On the Python side of things, we declare the following in ffi.py:

    #!/usr/bin/env python3

    import fibonacci

    print(fibonacci.fib(34))

Before we can trigger pyo3-rs magic, we need to do the following to
setup a virtual environment and add maturin (a CLI tool to build and
publish PyO3 crates):

    python -m venv .env      # creates a virtual environment
    source .env/bin/activate # activates it
    pip install maturin

Now, we can build our Python extension module with

    maturin develop --release

Finally, we compare the two approaches with hyperfine:

    > hyperfine "python src/ffi.py" "python src/pure.py"
    Benchmark 1: python src/pure.py
      Time (mean ± σ):      1.197 s ±  0.218 s    [User: 1.195 s, System: 0.002 s]
      Range (min … max):    1.070 s …  1.801 s    10 runs

    Benchmark 2: python src/ffi.py
      Time (mean ± σ):      19.2 ms ±   0.8 ms    [User: 17.7 ms, System: 1.4 ms]
      Range (min … max):    17.9 ms …  21.2 ms    158 runs

    Summary
      'python src/ffi.py' ran
       62.23 ± 11.66 times faster than 'python src/pure.py'

In summary, we reduce the computation time more than a factor of 60 with
our solution. For more complex functions, it is well possible to achieve
even higher gains.

 U13: unsafe(ty) last

You almost made it! In this final training, Corro the Unsafe Rusturchin
is going to teach about unsafe Code, Debugging Tools for unsafe, Foreign
Function Interfaces, and a little bit of Assembly.

 S13: Example solution

FFI with PyO3

lib.rs:

    use num::complex::Complex;
    use pyo3::prelude::*;

    fn mandelbrot_at_point(cx: f64, cy: f64, max_iters: usize) -> usize {
        let mut z = Complex { re: 0.0, im: 0.0 };
        let c = Complex::new(cx, cy);

        for i in 0..=max_iters {
            if z.norm() > 2.0 {
                return i;
            }
            z = z * z + c;
        }
        max_iters
    }

    #[pyfunction]
    fn calculate_mandelbrot(
        max_iters: usize,
        x_min: f64,
        x_max: f64,
        y_min: f64,
        y_max: f64,
        width: usize,
        height: usize,
    ) -> Vec<Vec<usize>> {
        let mut rows: Vec<_> = Vec::with_capacity(width);
        for img_y in 0..height {
            let mut row: Vec<usize> = Vec::with_capacity(height);
            for img_x in 0..width {
                let x_percent = (img_x as f64 / width as f64);
                let y_percent = (img_y as f64 / height as f64);
                let cx = x_min + (x_max - x_min) * x_percent;
                let cy = y_min + (y_max - y_min) * y_percent;
                let escaped_at = mandelbrot_at_point(cx, cy, max_iters);
                row.push(escaped_at);
            }
            rows.push(row);
        }
        rows
    }

    #[pymodule]
    fn mandelbrot(_py: Python, m: &PyModule) -> PyResult<()> {
        m.add_function(wrap_pyfunction!(calculate_mandelbrot, m)?)?;
        Ok(())
    }

ffi.py:

    import io
    from mandelbrot import calculate_mandelbrot

    def render_mandelbrot(vals):
        for row in vals:
            line = io.StringIO()
            for column in row:
                if column in range(0,2):
                    line.write(' ')
                elif column in range(3,5):
                    line.write('.')
                elif column in range(6,10):
                    line.write('•')
                elif column in range(11, 30):
                    line.write('*')
                elif column in range(31, 100):
                    line.write('+')
                elif column in range(101, 200):
                    line.write('x')
                elif column in range(201, 400):
                    line.write('$')
                elif column in range(401, 700):
                    line.write('#')
                else:
                    line.write('%')
            print(line.getvalue())

    if __name__ == "__main__":
        mandelbrot = calculate_mandelbrot(1000, -2.0, 1.0, -1.0, 1.0, 100, 24)

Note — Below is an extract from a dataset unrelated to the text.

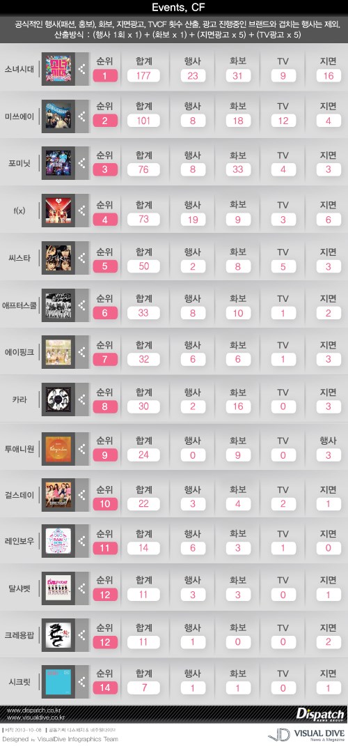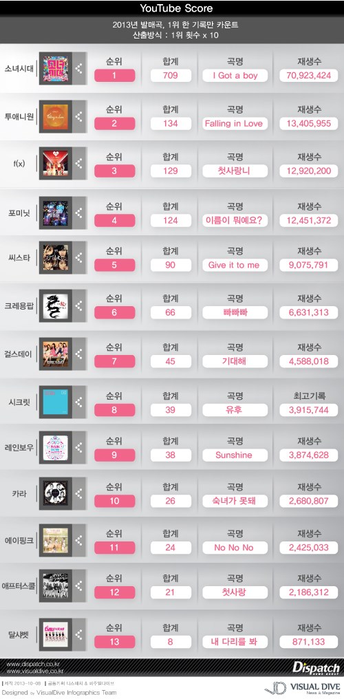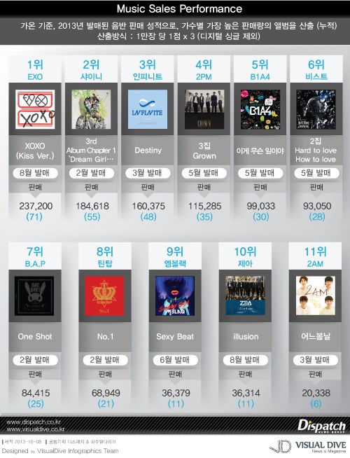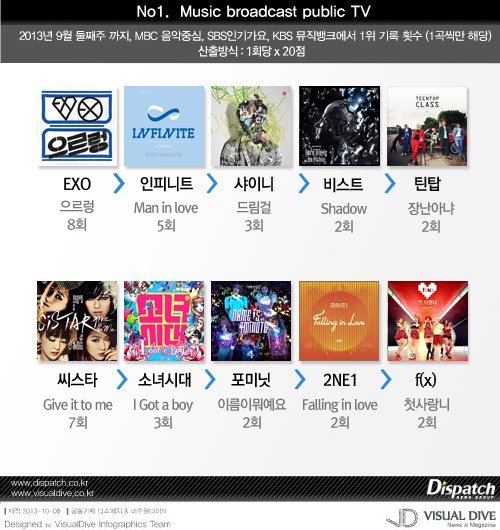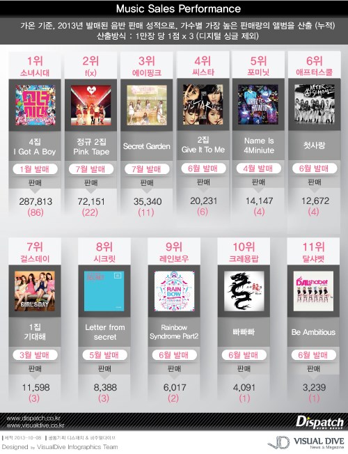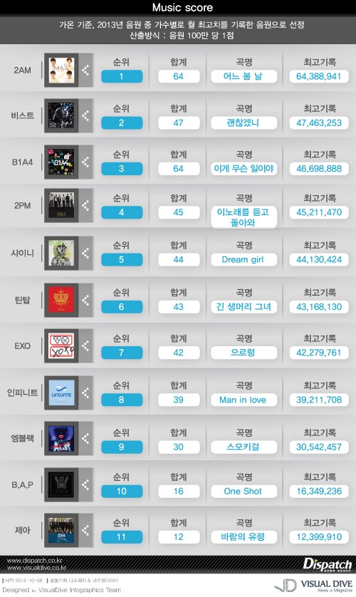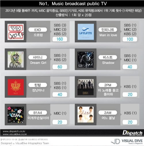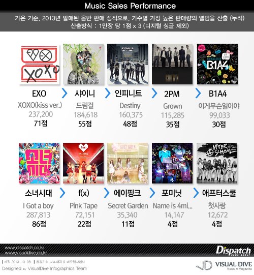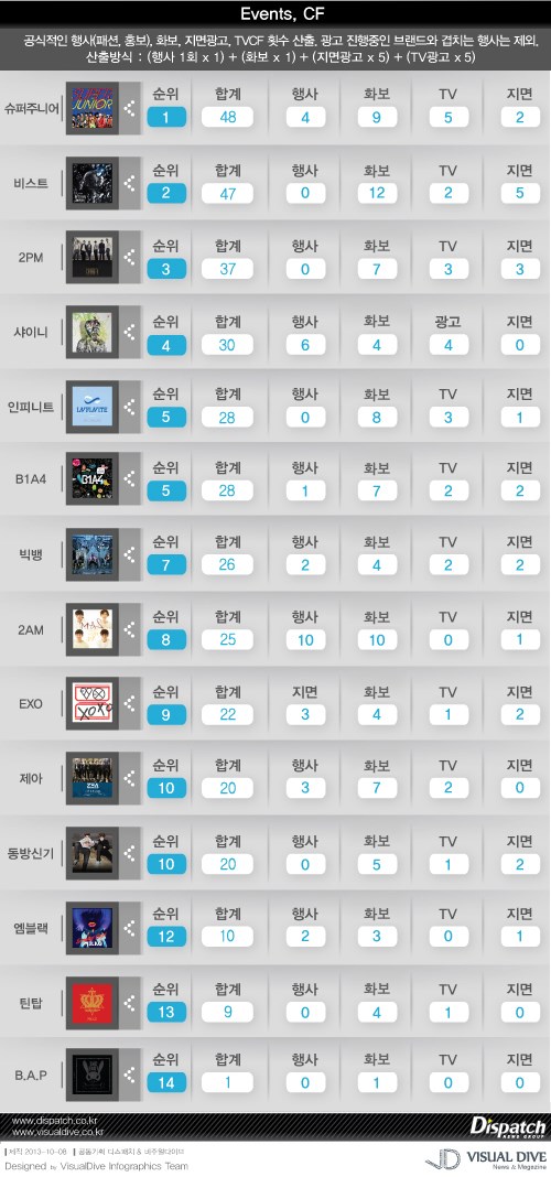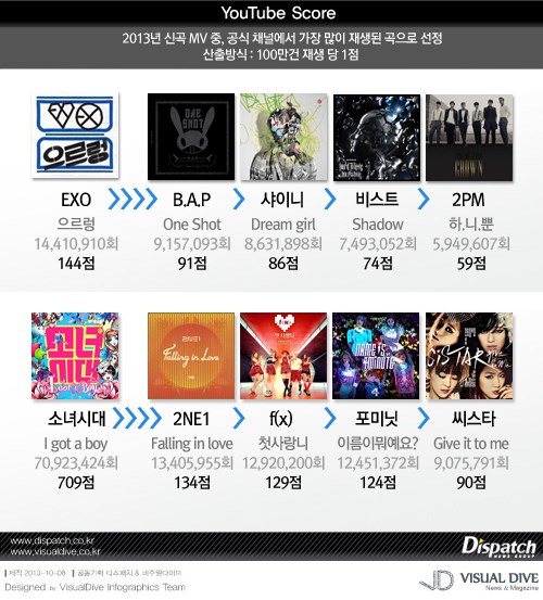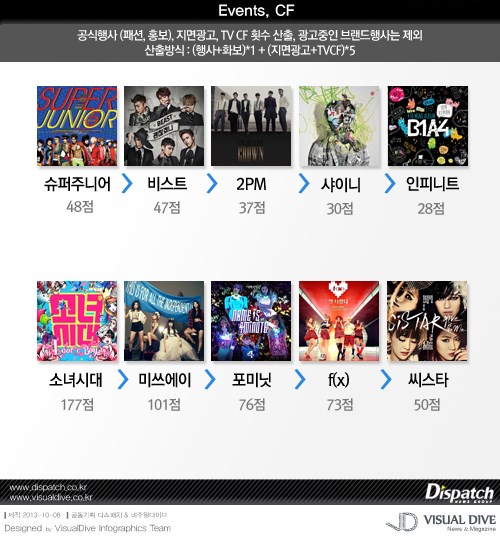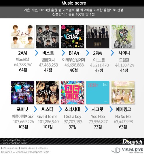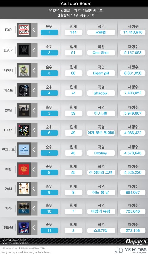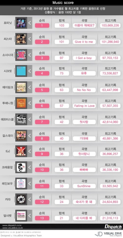'디스패치'가 선정한 <2013 아이돌 순위>는, 주관화의 객관화 작업이다. 남녀 아이돌의 실제 인기를 측정하기위해 수치화에 도전했다. ▶음원, ▶ 음반, ▶유투브, ▶아이튠즈, ▶ 음악방송, ▶ 광고행사, ▶ 팬클럽수 등의 실적을 집계해 순위를 매겼다.

        render_mandelbrot(mandelbrot)

Assembling numbers

Discuss in class.

 Summary

 What did you learn?

-   What privileges and duties come whenever you start using unsafe in
    your project.
-   What rare practical use cases are there for you to employ unsafe.
    Look first, if someone else already did the work for you.
-   How Rust can interface with other languages using FFI, for instance,
    to replace performance-critical functions with efficient Rust
    implementations.

 Where can you learn more?

-   unsafe
    -   Rust Book: Ch. 19.1
    -   Programming Rust: Ch. 22
    -   Nomicon
    -   Unsafe Coding Guidelines
    -   Unsafe is not what you think it means
    -   Understand Unsafe Rust
    -   Rust for Rustaceans: Ch. 10
-   Foreign Function Interfaces:
    -   Programming Rust: Ch. 23
    -   Rust for Rustaceans: Ch. 12
    -   Rust FFI Omnibus
-   The Challenge of Using C in Safety-Critical Applications

 Tools

Before we let you work with unsafe code, we want to show you two tools
that allow you to debug your software for undefined behaviour

 cargo-careful

The first tool is cargo-careful, which lets you run Rust code with extra
care. You install it like this:

    cargo install cargo-careful

and run it like this:

    cargo +nightly careful run

run can be replaced with test to run your test suite instead of your
binary. careful changes the build process in that it builds your code
with a standard library in which all debug assertions are enabled.
Hence, your execution is really slow but way more assumptions are
checked while running. There are also some nightly-only flags that add
run-time checks against undefined behaviour.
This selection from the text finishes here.